YOUR TASK:
Starting at the line where "慧都资源调度技术解决方案,通" occurs, reproduce each line through the end of the entries below exactly. Omit every picture.
--- DATA FOR THIS TASK Enclosed Below ---
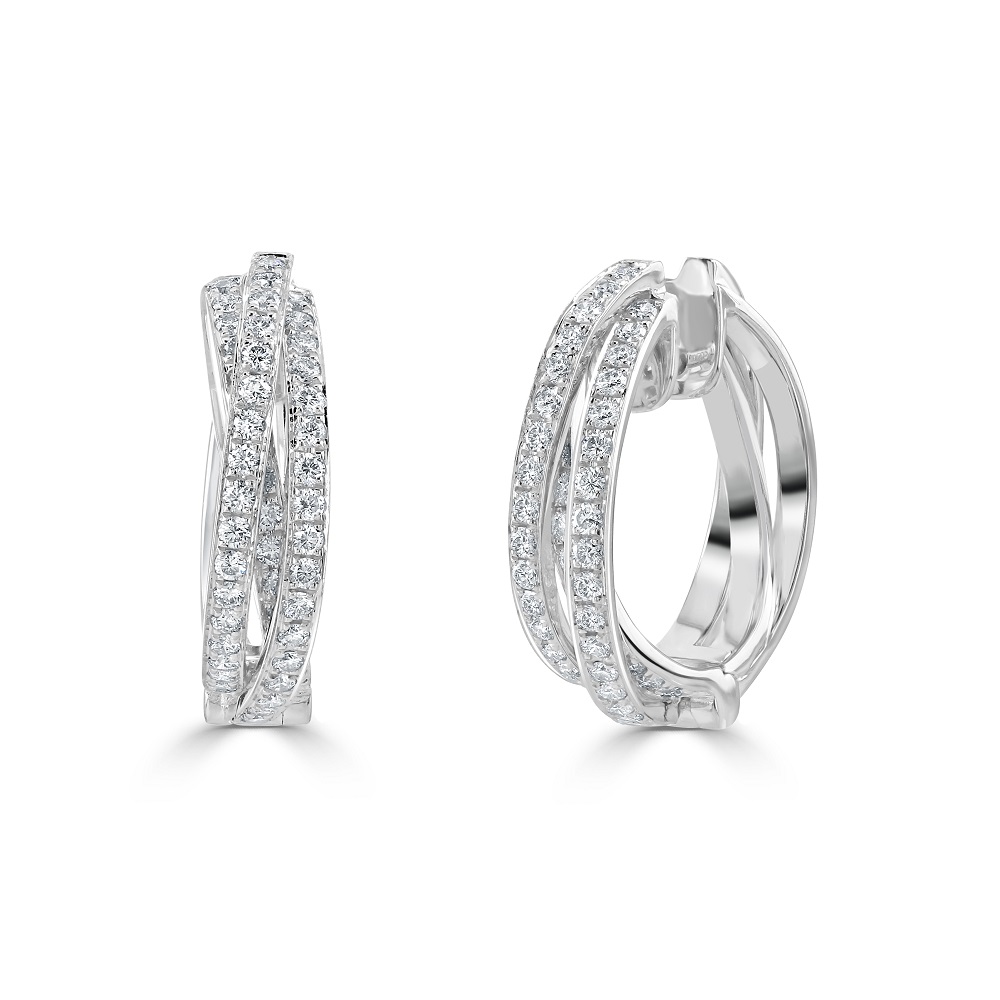Discover the sophisticated allure of our 18ct white gold 3-strand hinged hoop earrings, expertly designed to add a touch of elegance and sparkle to any ensemble. These luxurious earrings feature three distinct strands, each intricately set with round brilliant cut diamonds that total 0.90 carats. The hinged design ensures a secure and comfortable fit, making these earrings perfect for daily wear or special occasions. Crafted from premium 18ct white gold, the earrings offer a sleek and polished finish that beautifully complements the dazzling diamonds. Whether dressing up for a gala or adding a refined touch to your everyday look, these multi-strand diamond hoop earrings are a stunning choice for anyone seeking to elevate their jewellery collection with timeless style and exceptional brilliance.
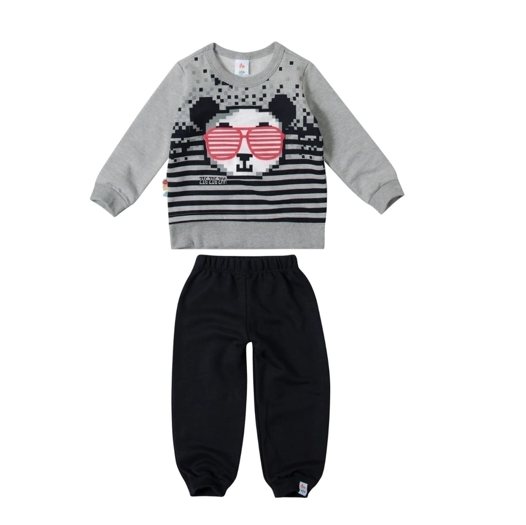 Conjunto de blusão e calça jogging confeccionados em moletom flanelado. Peça superior possui estampa frontal com efeito perolado, que proporciona um brilho diferente a peça. Peça inferior com cós elástico e barra aplicada. Aposte com tênis branco!
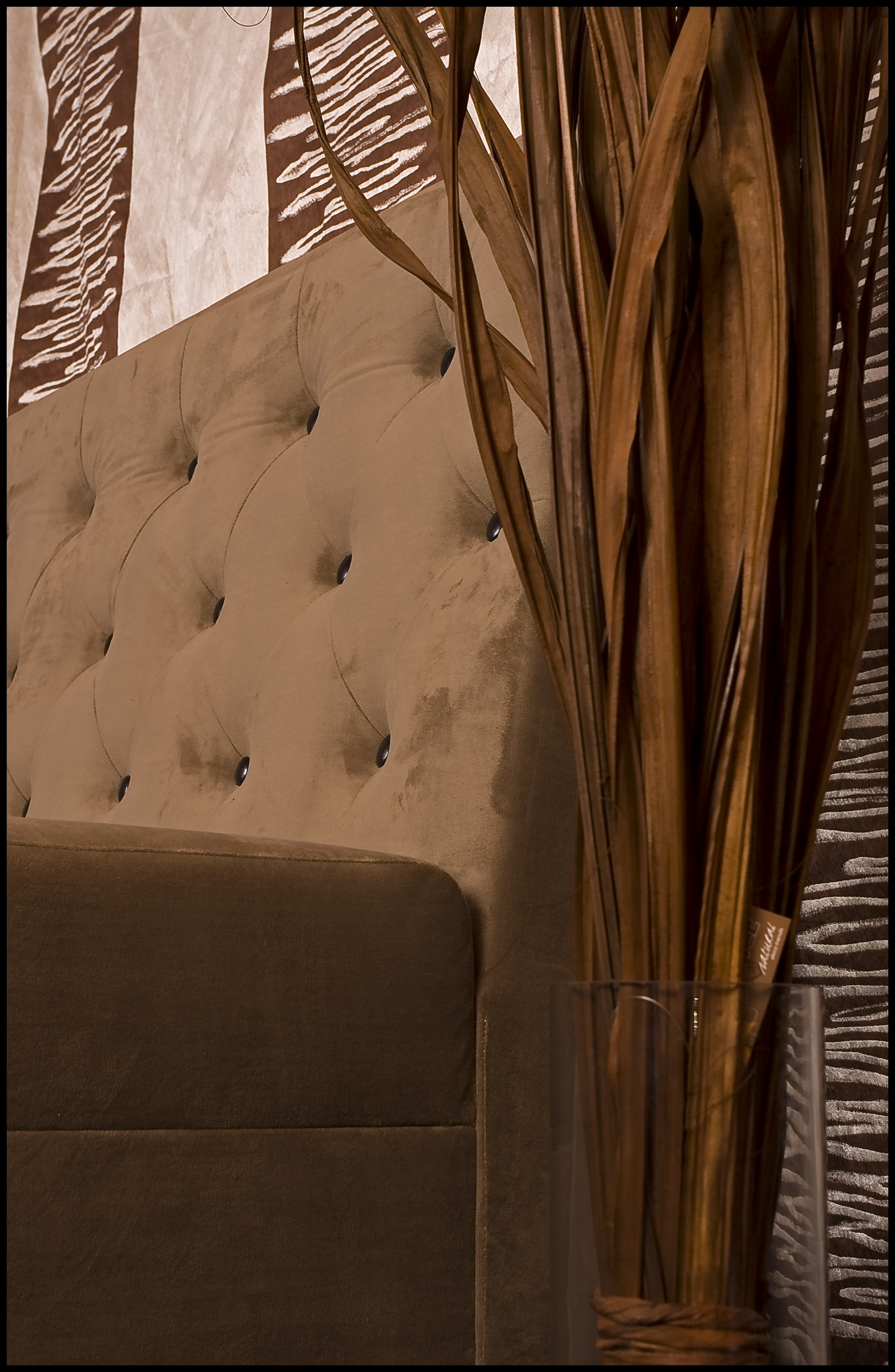 Элегантный диван с удобной простеганной спинкой без подлокотников на деревянных ножках. Обивка в светло-коричневом цвете микровелюра.
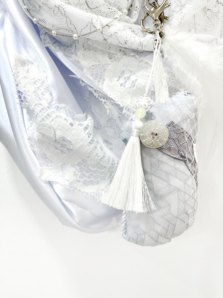 다양한 사람들 앞에서 저마다 다른 내 모습을 마주할 때면 가끔은 스스로도 놀라곤 합니다.수잔 앞에서는 수다스러운 친구가 되고, 지아 옆에서는 듬직한 언니처럼, 부모님 앞에서는 어리광 많은 딸로 변하니까요. 그렇게 모두 ‘나’이지만, 각기 다른 모습을 떠올리며 이번 작업을 완성했습니다. 우리는 사회 속에서 스스로를 숨긴 채 살아가야 할 때가 많습니다. 그럼에도 불구하고, 가까운 사람들 앞에서는 솔직한 나로 존재할 수 있기를 바랍니다. 서로에게 있는 그대로의 모습을 보여줄 수 있는, 그런 따뜻한 관계 속에서요. *핸드메이드 제품 특성상 제작 과정에서 약간의 형태 차이가 생길 수 있으며 스팽글 모티브는 랜덤으로 제작됩니다.
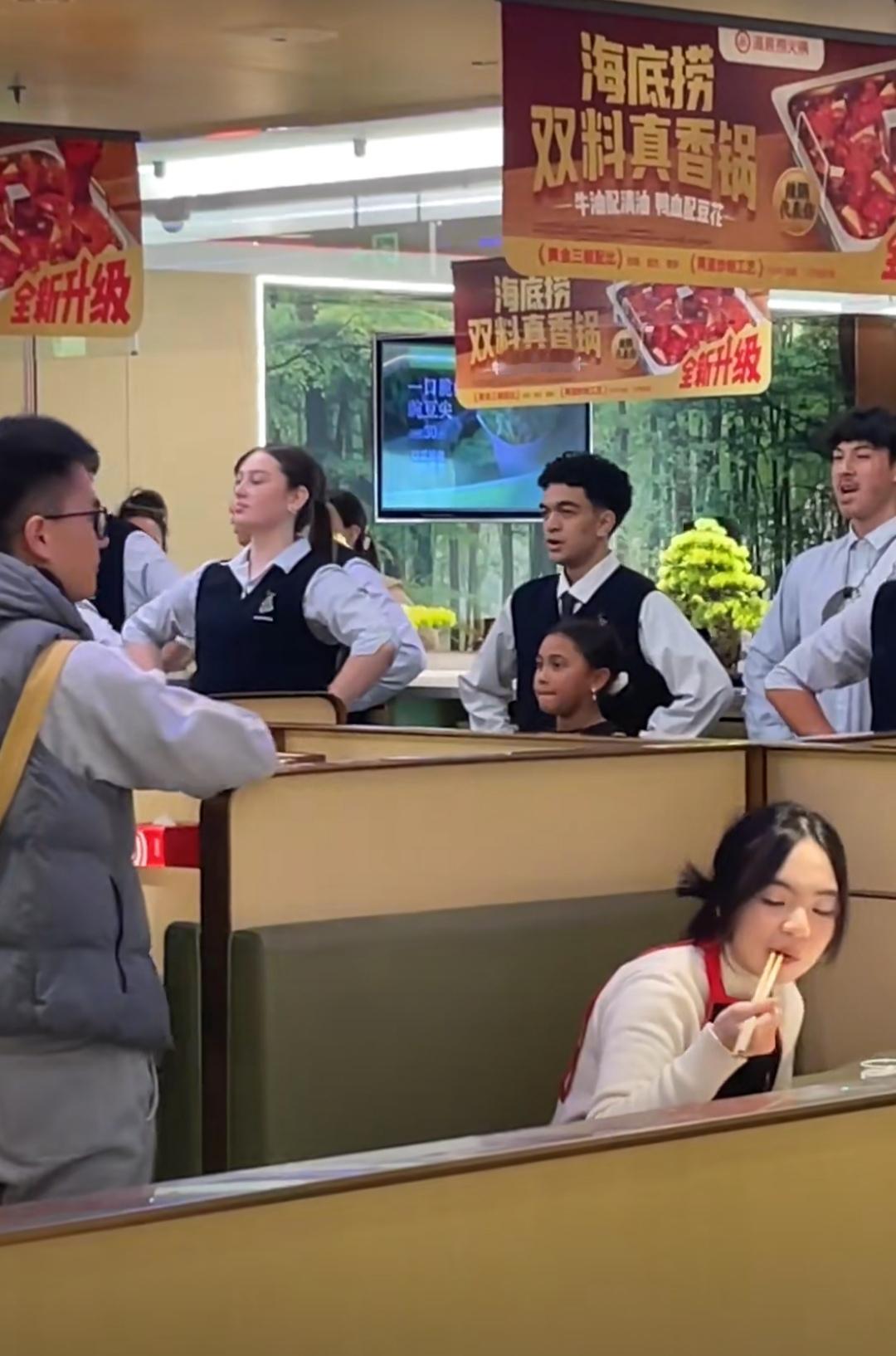 海底捞生日歌终于遇上了对手——新西兰毛利战舞。 12月7日,成都的一家海底捞火锅店,一群新西兰游客在导游“胡伊”的带领下用餐时,突然集体表演毛利战舞(哈卡舞)。参与者动作整齐划一,通过跺脚、拍打身体、瞪眼吐舌等动作展现力量感。 毛利战舞源于新西兰土著人毛利文化,最初用于战前威慑敌人、鼓舞士气。高呼口号、瞪眼象征驱逐邪恶,吐舌代表挑战姿态。 在平时生活中,高兴即跳舞。在火锅店跳纯属欢乐助兴和展示。 图1红圈处,小黑表演到位,突然发现有点像猩猩了。 看这统一的服装,刚开始还以为是店里的服务员呢。但一想到是成都,不可能,这些人可能是学生,来研学求学的。 根据历史语言学家的研究,毛利人是最早居住在河北、山东一带的东夷人后代。 毛利人跳战舞没毛病。但白人跳就不够意思了,难道为宣扬自己祖先屠杀了毛利人的祖先以跳战舞来忏悔自己虚假的道德感?!这也太讽刺了。
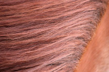 The wavy, thick red mane of the horse. Beautiful wavy hair.
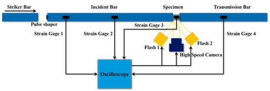 Schematic setup of SHPB with a high-speed camera system. Note: (i) Compared to conventional SHPB set-up, a copper pulse shaper is placed on the incident bar end; (ii) Strain gage 1 is used to trigger oscilloscope and the high-speed camera and the flashlights are then triggered by the oscilloscope, and strain gages 2 and 4 are used to record the reflected and transmitted signals. Strain gage 3 is mounted on the specimen to measure the strain directly during its deformation process.
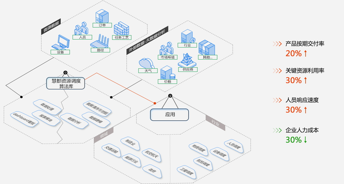 慧都资源调度技术解决方案,通过连接生产企业接单、采购、制造整个流程,对企业订单、设备、人员等合理调度,帮助提升企业生产效率,真正实现:
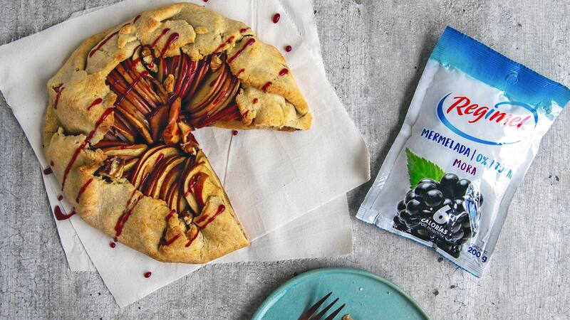 - Para armar la galette, primero hay que estirar la masa bien delgada, uslereando en todos los sentidos y dando vuelta la masa constantemente para evitar que se pegue a la mesa (la idea es hacer una forma circular, pero de bordes irregulares). Poner la masa sobre una lámina de silicona o papel mantequilla para hornear, pintar el centro con la mermelada de mora Regimel y rellenar con las manzanas ya preparadas, evitando poner el líquido que hayan soltado. Luego cerrar los bordes, dejando el centro del relleno a la vista Finalmente pintar los bordes de masa con mantequilla derretida y hornear en horno precalentado a 195 grados por 15 minutos. *El tiempo de cocción puede variar según el horno o el tamaño de la galette
--- End of Enclosed DATA FOR THIS TASK ---
ANSWER FOR THE TASK:
 慧都资源调度技术解决方案,通过连接生产企业接单、采购、制造整个流程,对企业订单、设备、人员等合理调度,帮助提升企业生产效率,真正实现:
 - Para armar la galette, primero hay que estirar la masa bien delgada, uslereando en todos los sentidos y dando vuelta la masa constantemente para evitar que se pegue a la mesa (la idea es hacer una forma circular, pero de bordes irregulares). Poner la masa sobre una lámina de silicona o papel mantequilla para hornear, pintar el centro con la mermelada de mora Regimel y rellenar con las manzanas ya preparadas, evitando poner el líquido que hayan soltado. Luego cerrar los bordes, dejando el centro del relleno a la vista Finalmente pintar los bordes de masa con mantequilla derretida y hornear en horno precalentado a 195 grados por 15 minutos. *El tiempo de cocción puede variar según el horno o el tamaño de la galette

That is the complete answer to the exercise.